=== Exercise requirements ===
Only an exact copy is wanted: the lines from the one holding "Mặt khác, dù" through the last line below, minus the pictures.

=== Data records ===
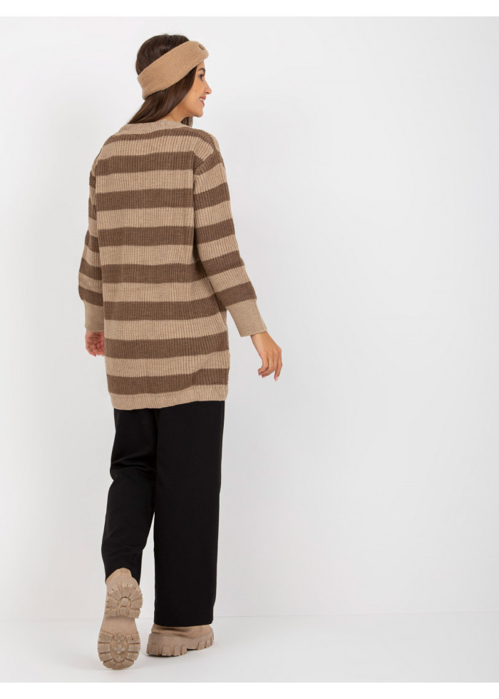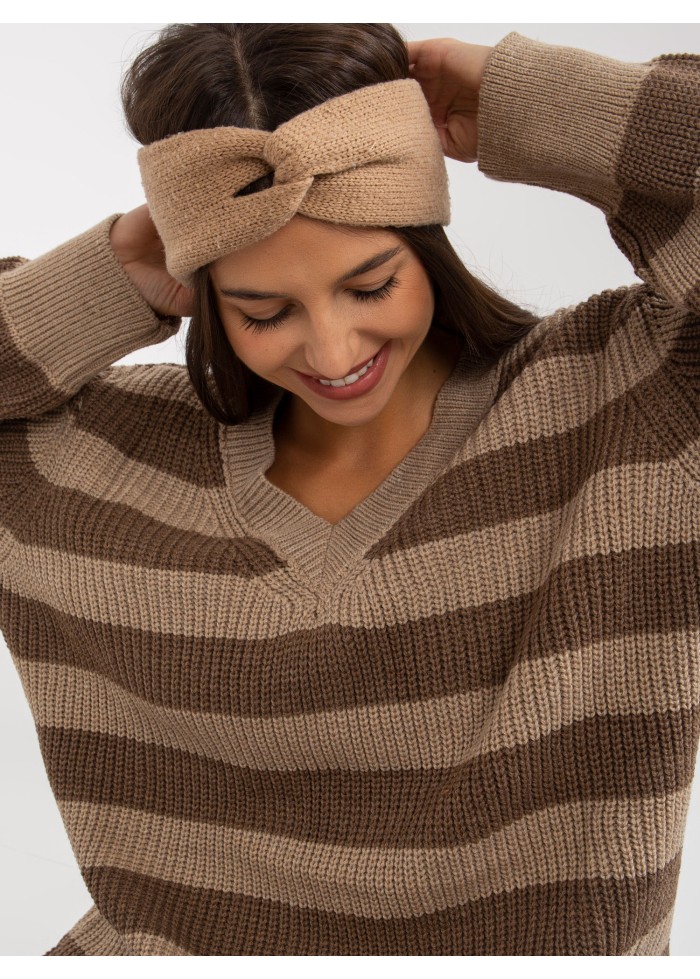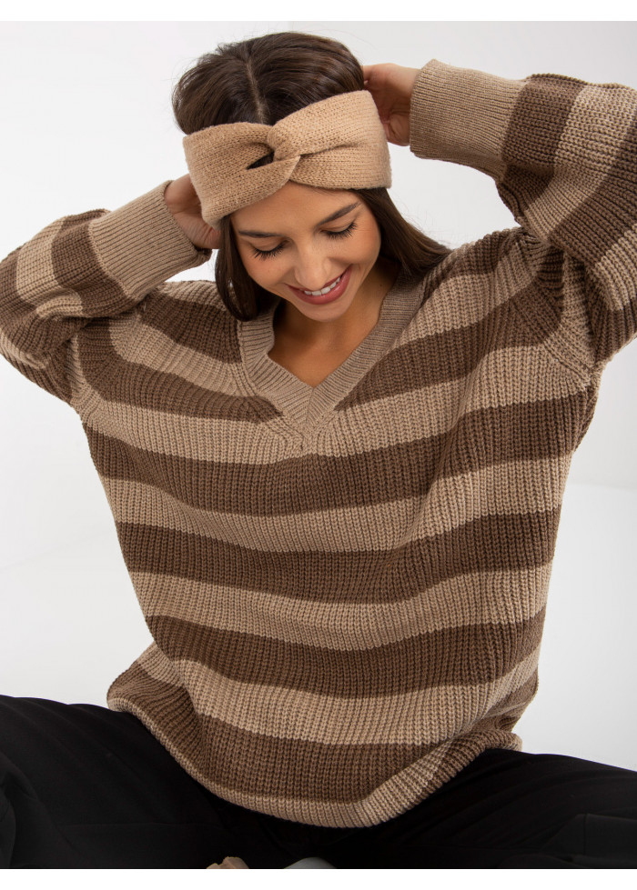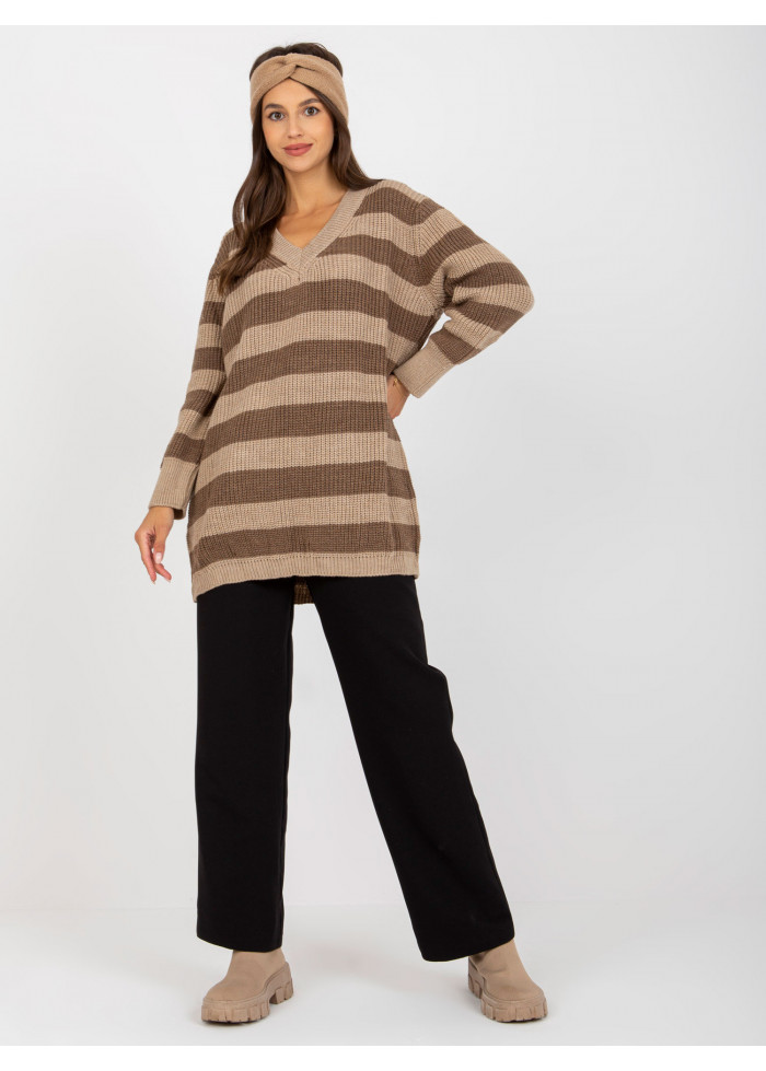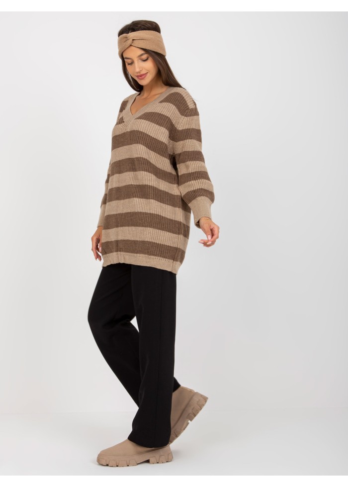 Dámsky pruhovaný sveter, výrazný výstrih do v, mierne rozširujúci sa strih, spôsob prania: pranie v práčke na 30°c, materiál: 70% akryl, 30% vlna, univerzálna veľkosť, miery modelky: výška: 172 cm, prsia: 88 cm, pás: 63 cm, boky: 92 cm, rozmer produktu meraného na plocho:, šírka pod plecami: 56 cm, dĺžka rukáva: 52 cm, celková dĺžka: 71 cm.
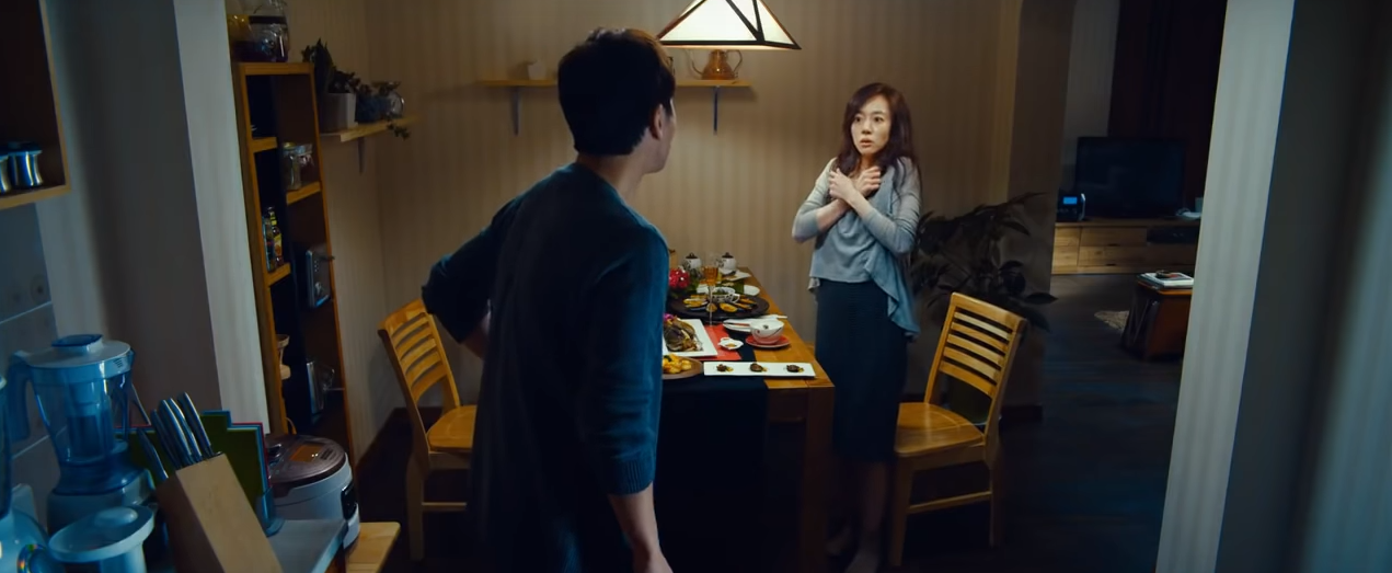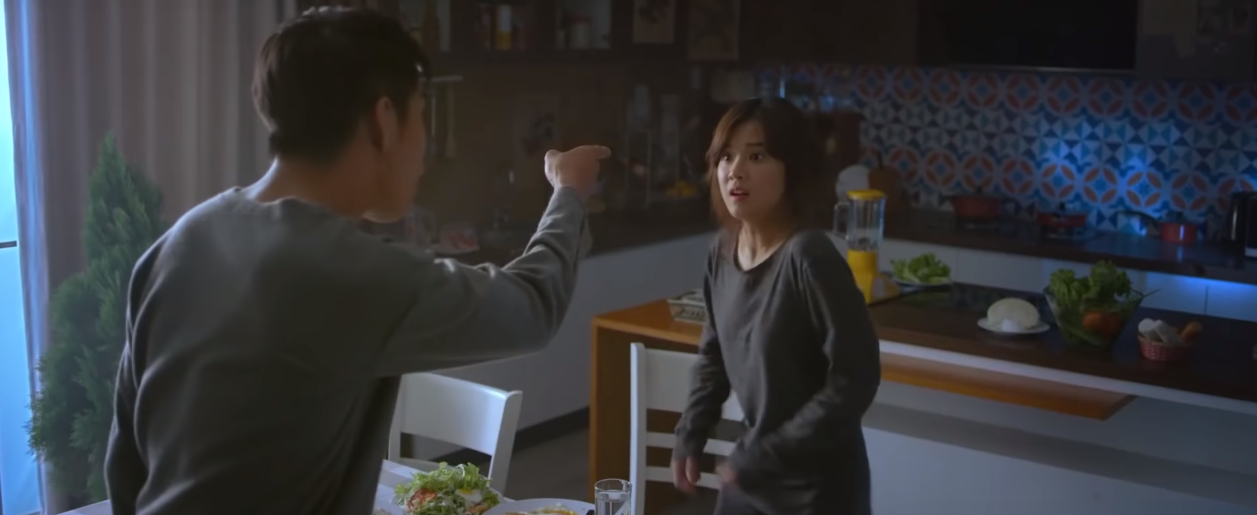Mặt khác, dù là tưởng tượng nhưng lúc bực mình với hành động của vợ, Quân đã chỉ tay vào cô ấy. Cử chỉ nhỏ nhưng cũng đủ xét về tính cách của nhân vật, anh ta không tôn trọng vợ mình. Doo Hyun thì ngược lại với điều đó.
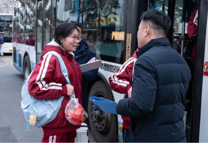 為保障學(xué)生順利乘車,直通鄉(xiāng)鎮(zhèn)通學(xué)“定制公交”于15:10早早就位,為學(xué)生提供從校門到家門,零換乘、快直達(dá)的公交出行服務(wù)。同時(shí),每車配備一名公司安全管理人員現(xiàn)場(chǎng)指揮引導(dǎo),幫助提供問題咨詢、行李搬運(yùn)服務(wù),并引導(dǎo)學(xué)生安全文明有序乘車。針對(duì)“定制公交”無法完全覆蓋的河山鎮(zhèn)、兩城鎮(zhèn)等鄉(xiāng)鎮(zhèn),日照公交貼心優(yōu)化C101路、C111路守時(shí)待命,努力做到涉及鄉(xiāng)鎮(zhèn)無遺漏、公交運(yùn)營(yíng)全覆蓋,準(zhǔn)時(shí)高效快速到達(dá),真正實(shí)現(xiàn)“家長(zhǎng)放心、學(xué)生舒心、學(xué)校省心”。15:50,滿載學(xué)生的公交車從日照一中西校區(qū)的西門按計(jì)劃發(fā)出。
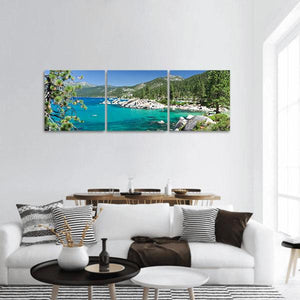 This panoramic canvas art captures the serene beauty of Lake Tahoe, featuring clear turquoise water nestled among rocky shorelines and majestic mountains. The vibrant palette of greens and blues, along with realistic depictions of pine trees, invites a sense of tranquility into your space.
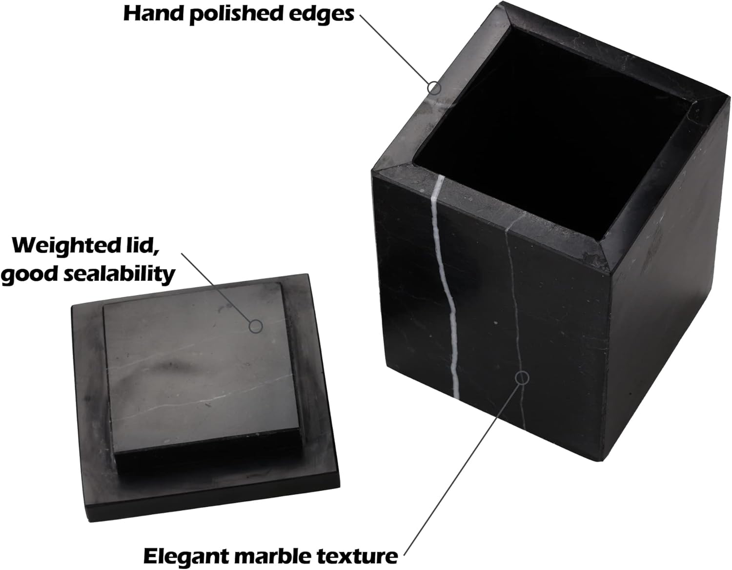 WORHE Marble Canister Natural Stone Qtip Holder with Lid Square Bathroom Vanity Organizer for Makeup Sponge Coffee Bean Dispenser Storage Jar Case for Home Decor Black (DLB202)
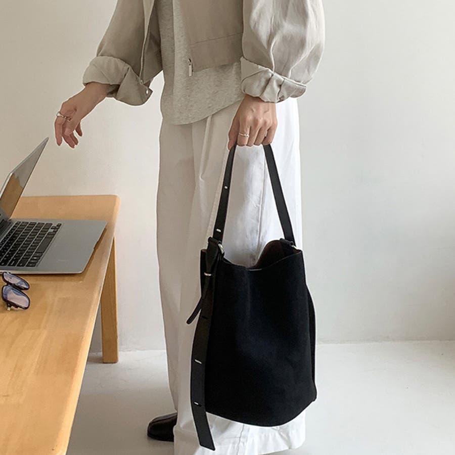 やわらかな質感とマットな風合いが 魅力のフェイクスエードバッグ。 丸みのあるバケツ型シルエット がほどよい抜け感を演出し、 マグネット開閉で出し入れも スムーズ。 肩紐は自分サイズに長さ調整可能、 必要な物はしっかり収まる 便利なサイズ感。
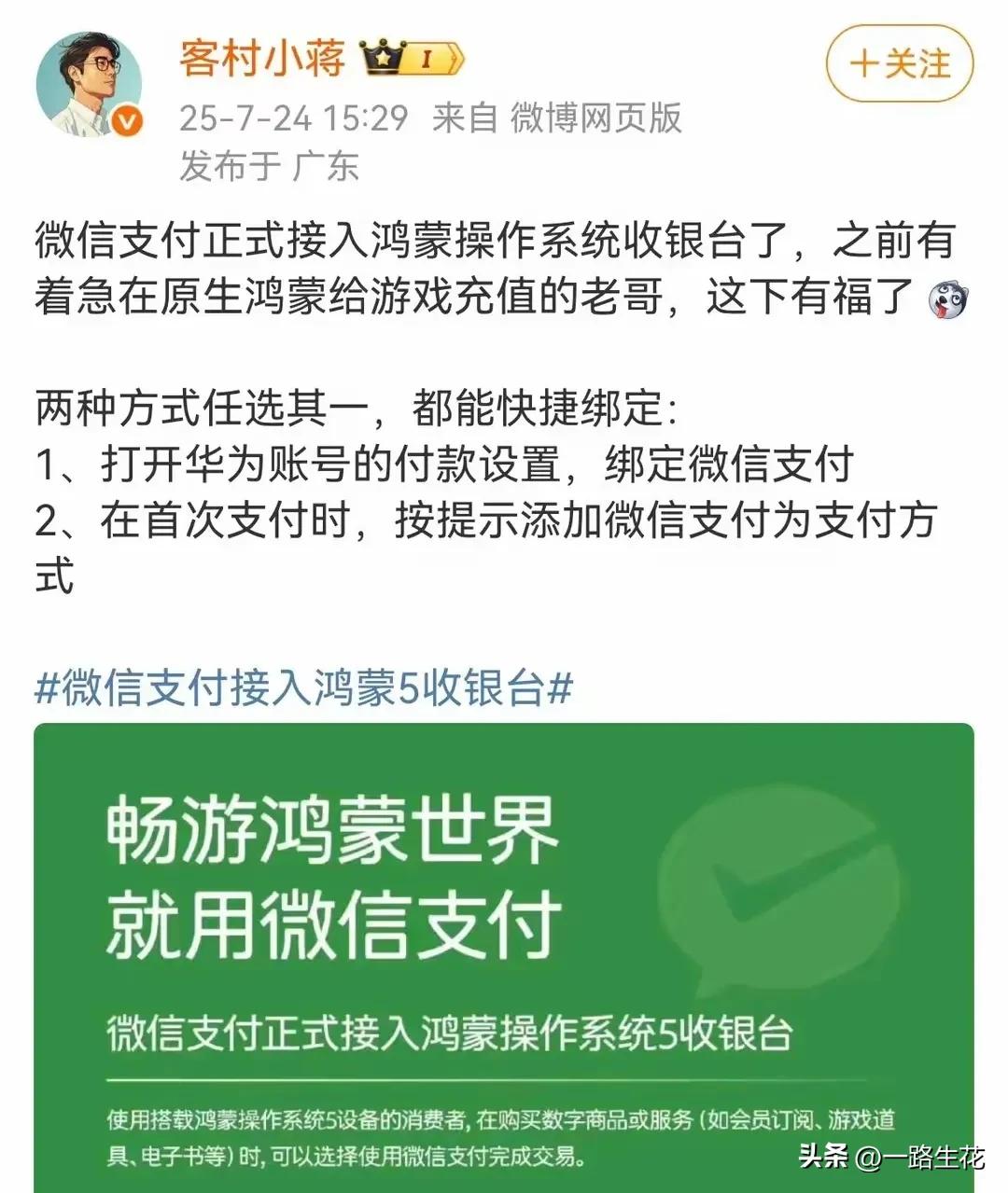2025年7月24日,华为突然宣布微信支付正式接入鸿蒙5收银台。这个消息在科技圈炸开了锅,毕竟鸿蒙和微信这对“欢喜冤家”的合作一直备受关注。这次微信支付的加入,到底能给我们的生活带来哪些变化?鸿蒙生态又会因此产生什么化学反应?今天咱们就来好好唠唠。

=== Solution below ===
Mặt khác, dù là tưởng tượng nhưng lúc bực mình với hành động của vợ, Quân đã chỉ tay vào cô ấy. Cử chỉ nhỏ nhưng cũng đủ xét về tính cách của nhân vật, anh ta không tôn trọng vợ mình. Doo Hyun thì ngược lại với điều đó.
 為保障學(xué)生順利乘車,直通鄉(xiāng)鎮(zhèn)通學(xué)“定制公交”于15:10早早就位,為學(xué)生提供從校門到家門,零換乘、快直達(dá)的公交出行服務(wù)。同時(shí),每車配備一名公司安全管理人員現(xiàn)場(chǎng)指揮引導(dǎo),幫助提供問題咨詢、行李搬運(yùn)服務(wù),并引導(dǎo)學(xué)生安全文明有序乘車。針對(duì)“定制公交”無法完全覆蓋的河山鎮(zhèn)、兩城鎮(zhèn)等鄉(xiāng)鎮(zhèn),日照公交貼心優(yōu)化C101路、C111路守時(shí)待命,努力做到涉及鄉(xiāng)鎮(zhèn)無遺漏、公交運(yùn)營(yíng)全覆蓋,準(zhǔn)時(shí)高效快速到達(dá),真正實(shí)現(xiàn)“家長(zhǎng)放心、學(xué)生舒心、學(xué)校省心”。15:50,滿載學(xué)生的公交車從日照一中西校區(qū)的西門按計(jì)劃發(fā)出。
 This panoramic canvas art captures the serene beauty of Lake Tahoe, featuring clear turquoise water nestled among rocky shorelines and majestic mountains. The vibrant palette of greens and blues, along with realistic depictions of pine trees, invites a sense of tranquility into your space.
 WORHE Marble Canister Natural Stone Qtip Holder with Lid Square Bathroom Vanity Organizer for Makeup Sponge Coffee Bean Dispenser Storage Jar Case for Home Decor Black (DLB202)
 やわらかな質感とマットな風合いが 魅力のフェイクスエードバッグ。 丸みのあるバケツ型シルエット がほどよい抜け感を演出し、 マグネット開閉で出し入れも スムーズ。 肩紐は自分サイズに長さ調整可能、 必要な物はしっかり収まる 便利なサイズ感。
2025年7月24日,华为突然宣布微信支付正式接入鸿蒙5收银台。这个消息在科技圈炸开了锅,毕竟鸿蒙和微信这对“欢喜冤家”的合作一直备受关注。这次微信支付的加入,到底能给我们的生活带来哪些变化?鸿蒙生态又会因此产生什么化学反应?今天咱们就来好好唠唠。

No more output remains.